[PROBLEM]
From the data that follows, set down exactly the lines from the one with "ストロークの筋力を高めるため" through the one with "Homaxy 100% Cotton", counting both. Pictures stay out.

[MATERIAL TO PROCESS]
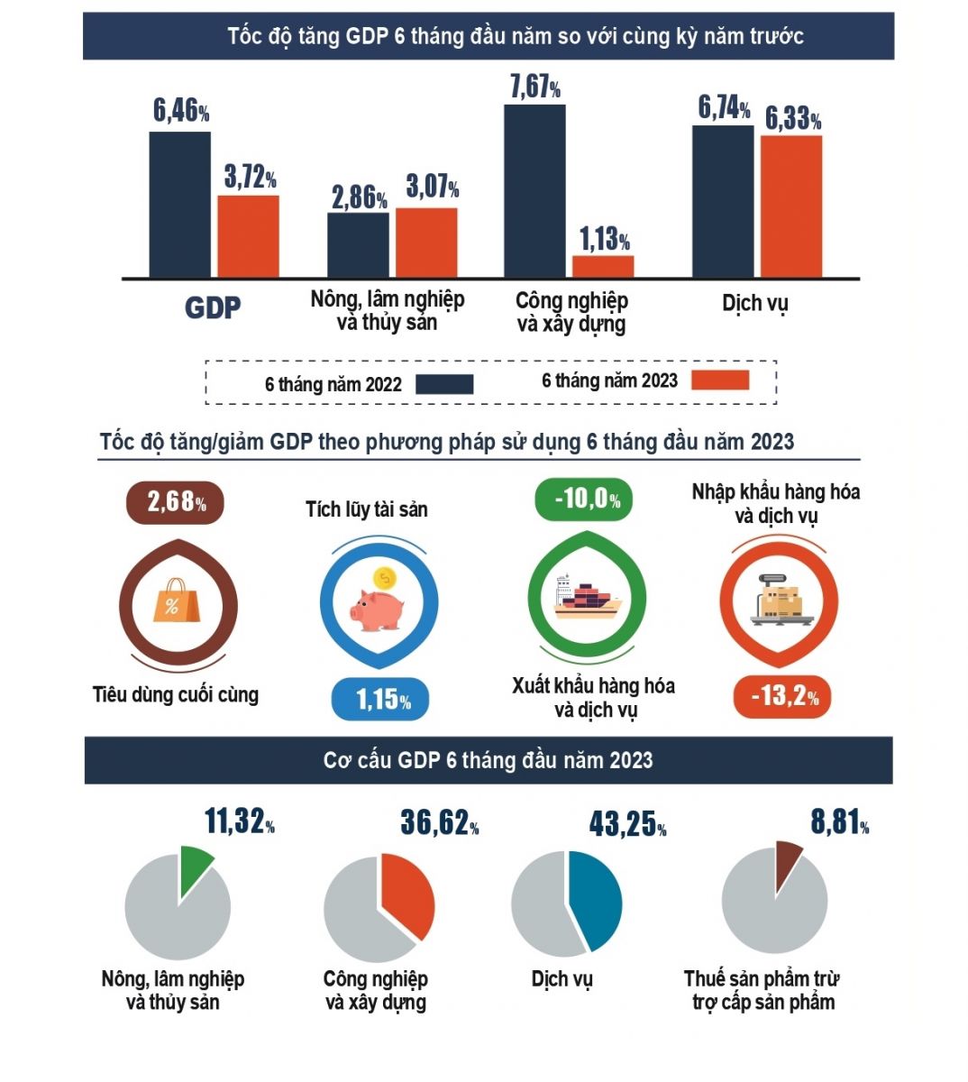 Trong đó, GDP quý I tăng 3,32% và quý II tăng 4,14%. Mức tăng trưởng kinh tế quý II thấp hơn rất nhiều so với kịch bản mà Bộ Kế hoạch và đầu tư đưa ra vào đầu tháng 4/2023.
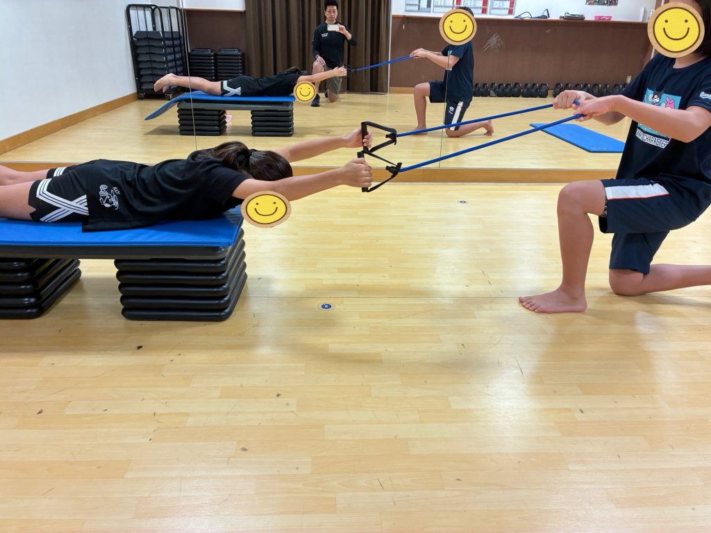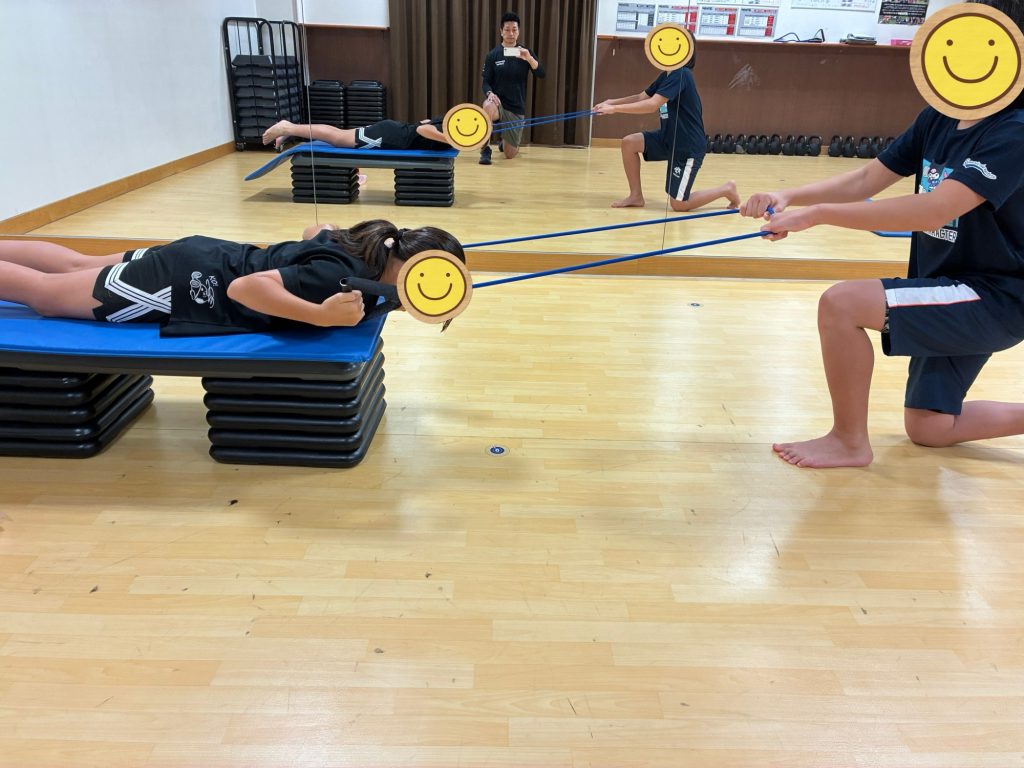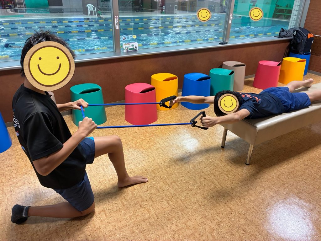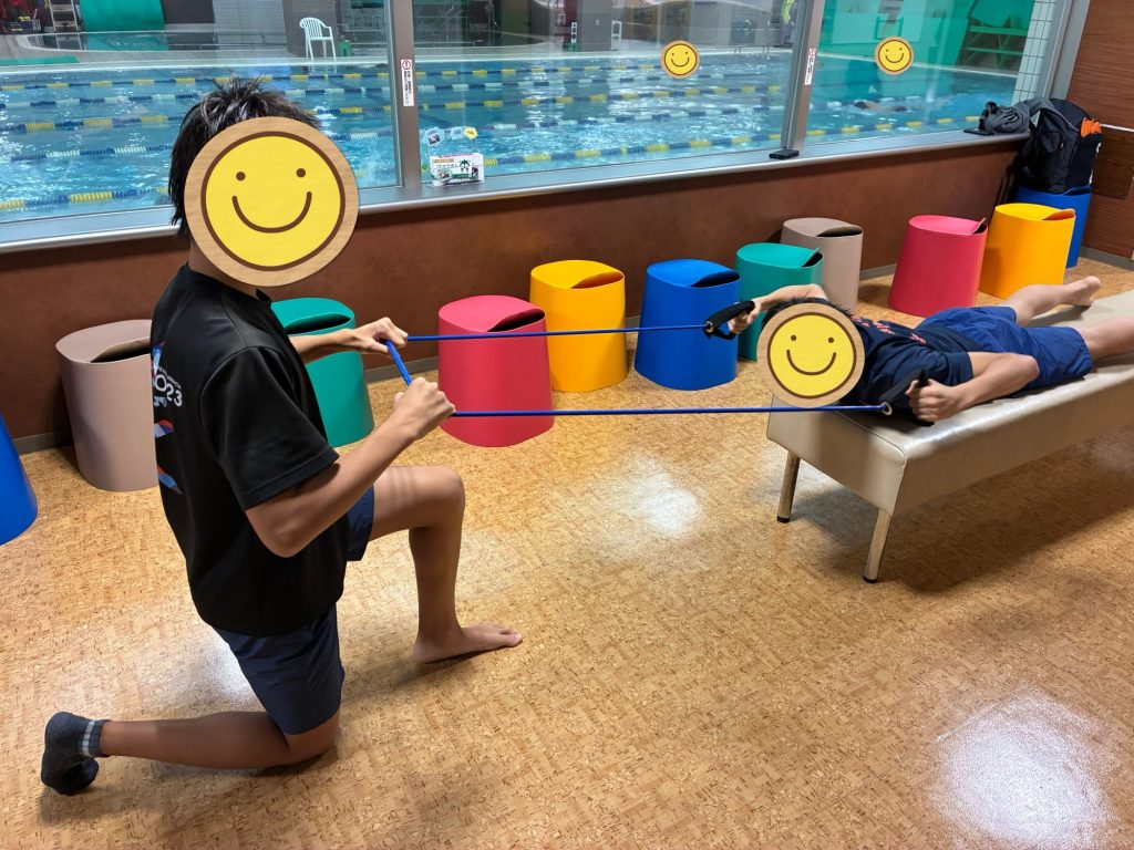 ストロークの筋力を高めるために、チューブを使った「背中」のトレーニングを進めています。
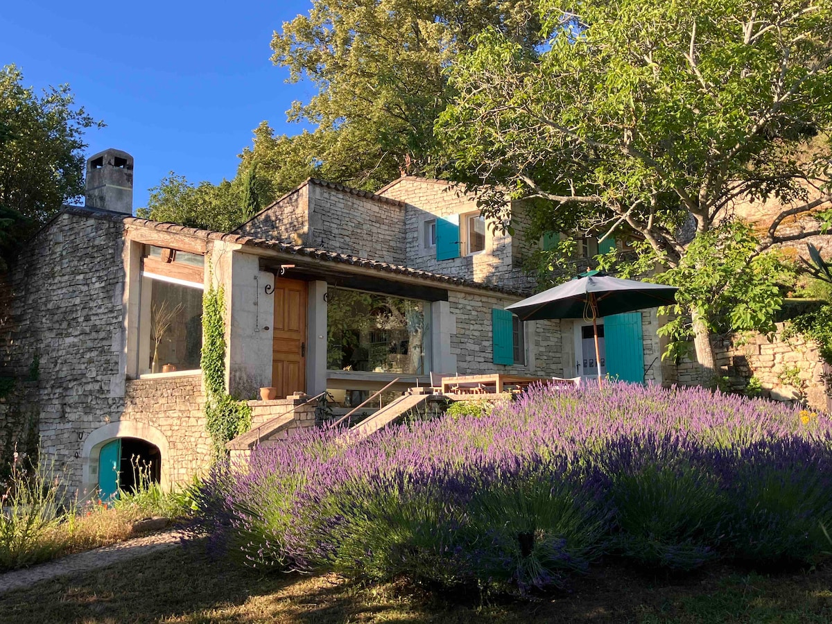 A beautiful stone house at the Bastide de La Chapelle, perched high above one of France's oldest villages. Renovated in 2023, with contemporary charm and luxe furnishings, a two bedroom two ensuite destination for a relaxing, special stay in Provence. Surrounded by the Luberon mountains, with exceptional views below. A small grotto pool awaits as well as a private terrace, garden, and BBQ. Fast fibre optic WiFi if you 'd like to work a little. Can be booked with La Chapelle ID2779429
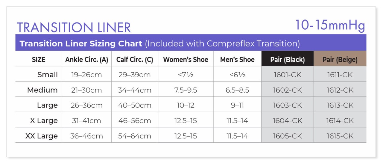 Click here to open the Sigvaris Transition liner sizing chart.
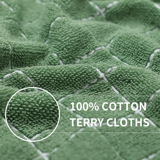 Homaxy 100% Cotton Terry Kitchen Towels(Grass Green, 13 x 28 inches), Checkered Designed, Soft and Super Absorbent Dish Towels, 4 Pack
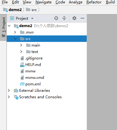 这个是第一次创建出来的完整的结构,我们这里把这个src给删了,如下图所示:

[COMPLETED TASK]
 ストロークの筋力を高めるために、チューブを使った「背中」のトレーニングを進めています。
 A beautiful stone house at the Bastide de La Chapelle, perched high above one of France's oldest villages. Renovated in 2023, with contemporary charm and luxe furnishings, a two bedroom two ensuite destination for a relaxing, special stay in Provence. Surrounded by the Luberon mountains, with exceptional views below. A small grotto pool awaits as well as a private terrace, garden, and BBQ. Fast fibre optic WiFi if you 'd like to work a little. Can be booked with La Chapelle ID2779429
 Click here to open the Sigvaris Transition liner sizing chart.
 Homaxy 100% Cotton Terry Kitchen Towels(Grass Green, 13 x 28 inches), Checkered Designed, Soft and Super Absorbent Dish Towels, 4 Pack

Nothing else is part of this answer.